Written by Eileen Candiloro, CNN
Humans don’t have to worry about diseases in the street or in the hospital, but dogs and cats are vulnerable to a range of debilitating diseases, from SARS to HIV and rabies.
“That’s like having a 7-Eleven just across the street from your house, in case you want some coffee,” says Cynthia Salerno, a senior lecturer in Veterinary Science at the University of Leeds who has researched modern pet disease.
Until recently, their illness largely affected isolated populations. “That goes a long way to explaining why we didn’t have a dog flu or a pet cancer disease,” says Salerno.
But certain strains of canine distemper, parvovirus, parvo and distemper — all of which have enormous impact on the animal’s health — have become more easily transmitted since the introduction of household pet salmonella and bacteria in recent decades.
Since around 2016, all dogs and cats in the United States have been vaccinated against parvo in the UK, including puppies and puppies being bought online.
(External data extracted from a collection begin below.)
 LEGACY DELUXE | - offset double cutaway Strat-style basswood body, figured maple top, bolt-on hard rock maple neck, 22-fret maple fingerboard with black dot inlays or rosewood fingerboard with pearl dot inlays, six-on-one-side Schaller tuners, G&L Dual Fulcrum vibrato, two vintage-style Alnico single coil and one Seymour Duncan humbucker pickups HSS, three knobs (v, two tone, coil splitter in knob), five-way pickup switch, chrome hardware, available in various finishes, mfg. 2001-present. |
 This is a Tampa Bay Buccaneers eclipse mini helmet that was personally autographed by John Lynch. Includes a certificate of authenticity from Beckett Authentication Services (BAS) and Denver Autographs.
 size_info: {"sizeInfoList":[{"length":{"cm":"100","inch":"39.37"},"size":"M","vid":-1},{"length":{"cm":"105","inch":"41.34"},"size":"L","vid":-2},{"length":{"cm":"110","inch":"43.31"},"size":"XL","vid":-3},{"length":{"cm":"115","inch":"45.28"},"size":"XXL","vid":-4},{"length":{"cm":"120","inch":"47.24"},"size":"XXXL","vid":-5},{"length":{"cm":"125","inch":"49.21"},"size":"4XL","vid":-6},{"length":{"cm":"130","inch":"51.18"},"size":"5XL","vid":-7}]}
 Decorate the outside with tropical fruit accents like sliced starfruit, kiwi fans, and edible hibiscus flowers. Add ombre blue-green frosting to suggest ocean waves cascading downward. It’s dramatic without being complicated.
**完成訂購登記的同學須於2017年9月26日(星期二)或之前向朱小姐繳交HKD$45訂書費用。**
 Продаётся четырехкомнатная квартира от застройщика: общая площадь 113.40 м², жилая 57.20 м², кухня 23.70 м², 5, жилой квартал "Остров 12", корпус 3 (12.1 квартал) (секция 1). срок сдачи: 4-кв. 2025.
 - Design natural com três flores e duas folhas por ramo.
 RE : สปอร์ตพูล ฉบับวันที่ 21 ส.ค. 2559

But none of these vaccines are currently available as a therapeutic option for dogs and cats from other countries.
Disease of the heart
While parvo is preventable, canine distemper spreads easily, so the vaccine is more likely to be needed. The disease of the heart may not only have a profound impact on the animal’s health, but its treatment can be expensive and long-term.
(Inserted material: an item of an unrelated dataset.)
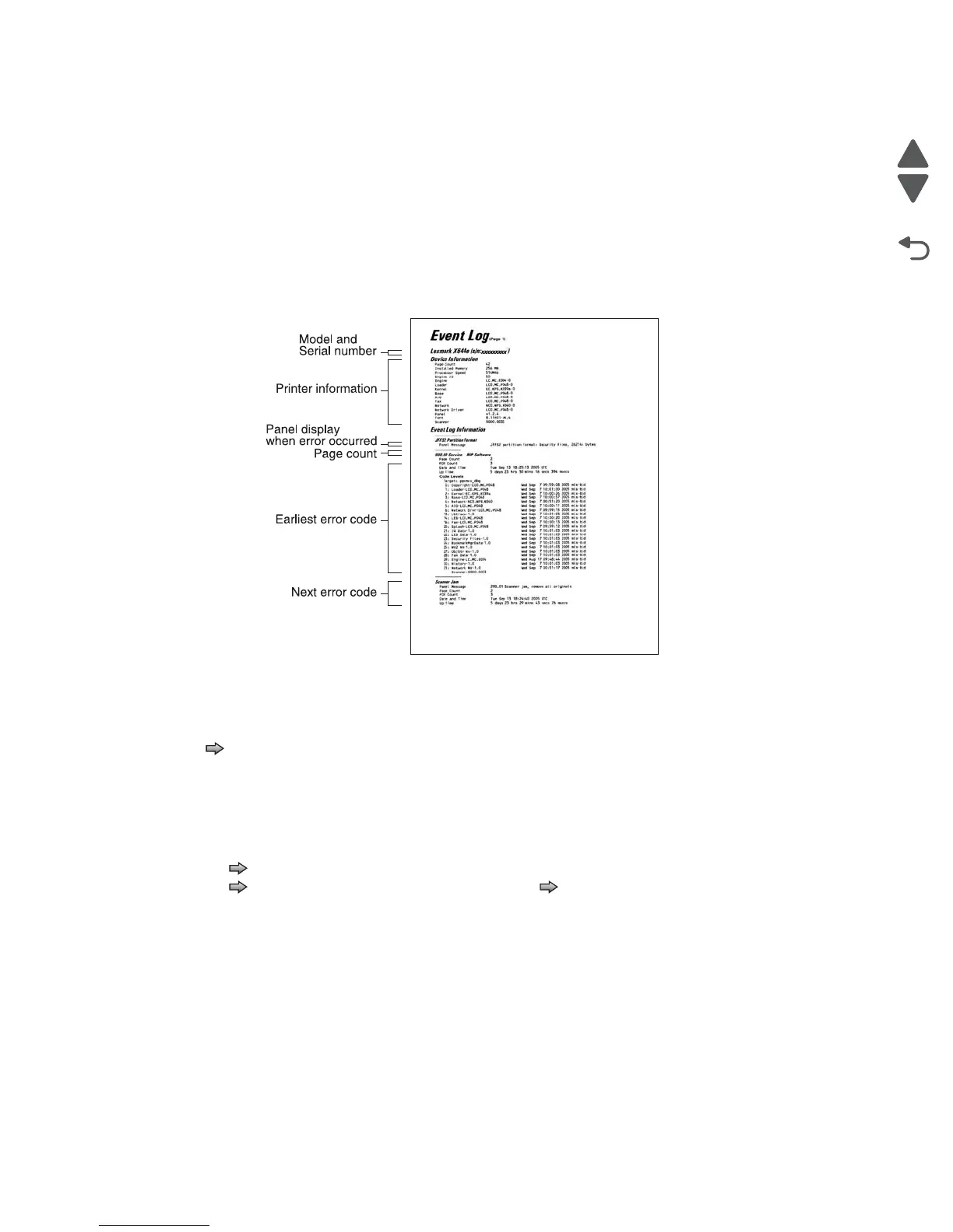 The printed event log can be faxed to Lexmark or your next level of support for verification or diagnosis.

Dogs that are infected with parvo can die within 24 hours. “If you get it in a young puppy, that would be a likely cause of death within 48 hours, at the very latest,” says Professor Salerno. “Once the dog is already on antibiotics, and is in a vet’s care, you have a good chance of saving the life.”
But rabies is far more difficult to treat. While it’s preventable, the virus evolves so quickly that rabies is difficult to fight once in the animal’s body. Only a combination of three or four animal vaccines is deemed useful, the most common of which is a rabies vaccine using live but weakened rabies virus.
If rabies doesn’t respond to the vaccine and the animal becomes vaccinated, the puppy can die — a sad outcome for the puppy and its owner.
“The short term will kill the puppy very quickly,” Salerno says. “The long term will kill it forever.”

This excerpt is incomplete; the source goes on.